* [Data extract]
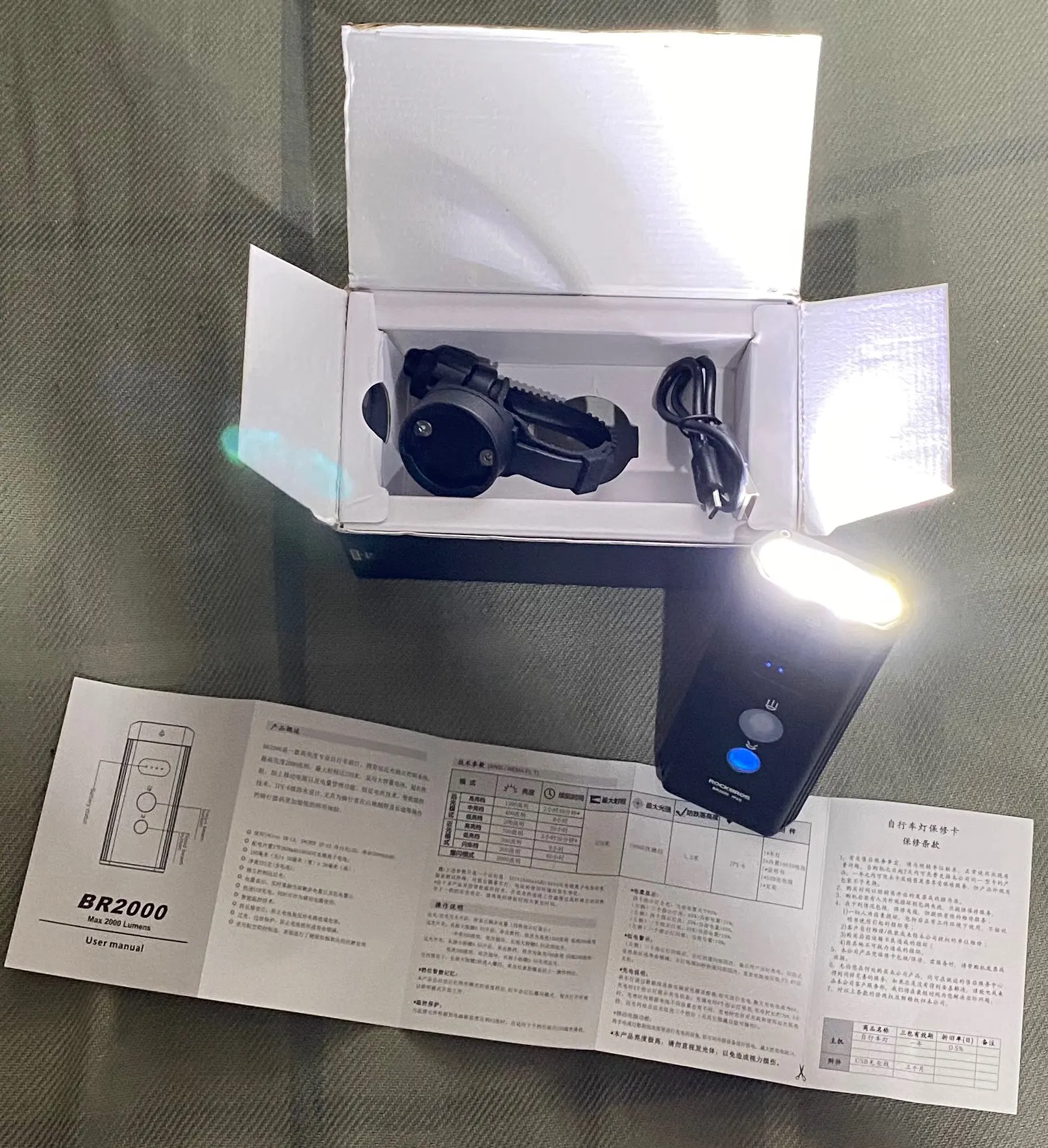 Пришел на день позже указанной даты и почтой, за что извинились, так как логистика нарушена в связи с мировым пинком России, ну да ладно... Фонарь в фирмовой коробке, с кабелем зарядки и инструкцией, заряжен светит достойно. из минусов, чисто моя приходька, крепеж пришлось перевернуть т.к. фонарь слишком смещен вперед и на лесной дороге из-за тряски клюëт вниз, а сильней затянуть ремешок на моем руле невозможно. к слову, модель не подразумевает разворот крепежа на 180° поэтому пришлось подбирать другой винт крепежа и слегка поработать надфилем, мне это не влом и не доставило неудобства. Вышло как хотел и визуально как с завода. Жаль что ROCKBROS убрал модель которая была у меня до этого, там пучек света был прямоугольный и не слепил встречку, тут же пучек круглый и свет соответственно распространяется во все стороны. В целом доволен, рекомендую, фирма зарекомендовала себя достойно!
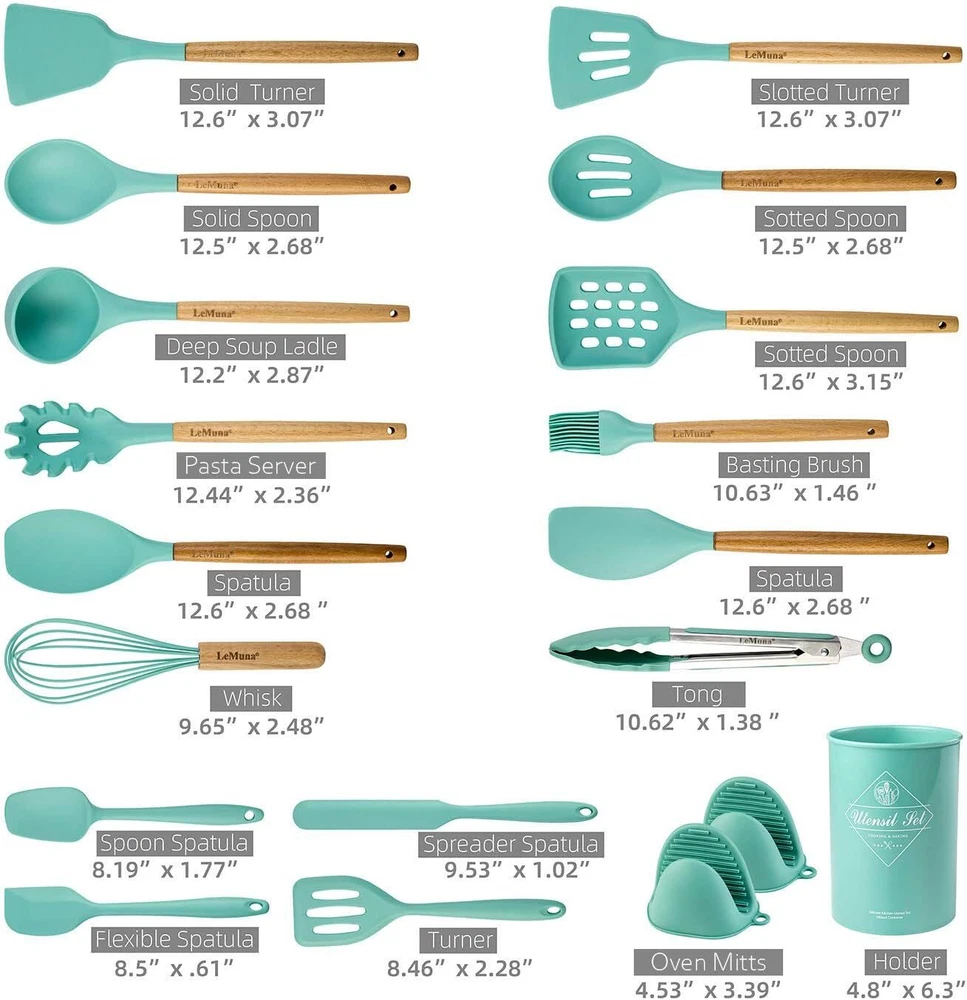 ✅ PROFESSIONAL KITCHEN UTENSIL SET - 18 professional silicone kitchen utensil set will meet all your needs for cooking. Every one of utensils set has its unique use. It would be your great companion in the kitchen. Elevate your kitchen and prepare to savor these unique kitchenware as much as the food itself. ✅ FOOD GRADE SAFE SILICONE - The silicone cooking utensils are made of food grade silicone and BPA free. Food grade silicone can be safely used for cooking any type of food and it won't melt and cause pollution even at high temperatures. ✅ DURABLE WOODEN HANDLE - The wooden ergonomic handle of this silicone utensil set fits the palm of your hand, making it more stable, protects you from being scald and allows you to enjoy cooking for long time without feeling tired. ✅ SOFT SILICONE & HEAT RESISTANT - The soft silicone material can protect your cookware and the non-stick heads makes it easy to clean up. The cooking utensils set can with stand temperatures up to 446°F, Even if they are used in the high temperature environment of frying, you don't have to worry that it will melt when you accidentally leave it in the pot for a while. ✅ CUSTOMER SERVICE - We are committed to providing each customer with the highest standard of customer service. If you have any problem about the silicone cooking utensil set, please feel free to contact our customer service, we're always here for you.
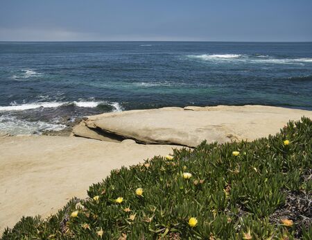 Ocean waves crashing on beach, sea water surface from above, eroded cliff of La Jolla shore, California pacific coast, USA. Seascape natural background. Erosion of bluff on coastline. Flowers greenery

* [How to complete this task] Give back the data exactly. Skip any images.

* [Response below]
 Пришел на день позже указанной даты и почтой, за что извинились, так как логистика нарушена в связи с мировым пинком России, ну да ладно... Фонарь в фирмовой коробке, с кабелем зарядки и инструкцией, заряжен светит достойно. из минусов, чисто моя приходька, крепеж пришлось перевернуть т.к. фонарь слишком смещен вперед и на лесной дороге из-за тряски клюëт вниз, а сильней затянуть ремешок на моем руле невозможно. к слову, модель не подразумевает разворот крепежа на 180° поэтому пришлось подбирать другой винт крепежа и слегка поработать надфилем, мне это не влом и не доставило неудобства. Вышло как хотел и визуально как с завода. Жаль что ROCKBROS убрал модель которая была у меня до этого, там пучек света был прямоугольный и не слепил встречку, тут же пучек круглый и свет соответственно распространяется во все стороны. В целом доволен, рекомендую, фирма зарекомендовала себя достойно!
 ✅ PROFESSIONAL KITCHEN UTENSIL SET - 18 professional silicone kitchen utensil set will meet all your needs for cooking. Every one of utensils set has its unique use. It would be your great companion in the kitchen. Elevate your kitchen and prepare to savor these unique kitchenware as much as the food itself. ✅ FOOD GRADE SAFE SILICONE - The silicone cooking utensils are made of food grade silicone and BPA free. Food grade silicone can be safely used for cooking any type of food and it won't melt and cause pollution even at high temperatures. ✅ DURABLE WOODEN HANDLE - The wooden ergonomic handle of this silicone utensil set fits the palm of your hand, making it more stable, protects you from being scald and allows you to enjoy cooking for long time without feeling tired. ✅ SOFT SILICONE & HEAT RESISTANT - The soft silicone material can protect your cookware and the non-stick heads makes it easy to clean up. The cooking utensils set can with stand temperatures up to 446°F, Even if they are used in the high temperature environment of frying, you don't have to worry that it will melt when you accidentally leave it in the pot for a while. ✅ CUSTOMER SERVICE - We are committed to providing each customer with the highest standard of customer service. If you have any problem about the silicone cooking utensil set, please feel free to contact our customer service, we're always here for you.
 Ocean waves crashing on beach, sea water surface from above, eroded cliff of La Jolla shore, California pacific coast, USA. Seascape natural background. Erosion of bluff on coastline. Flowers greenery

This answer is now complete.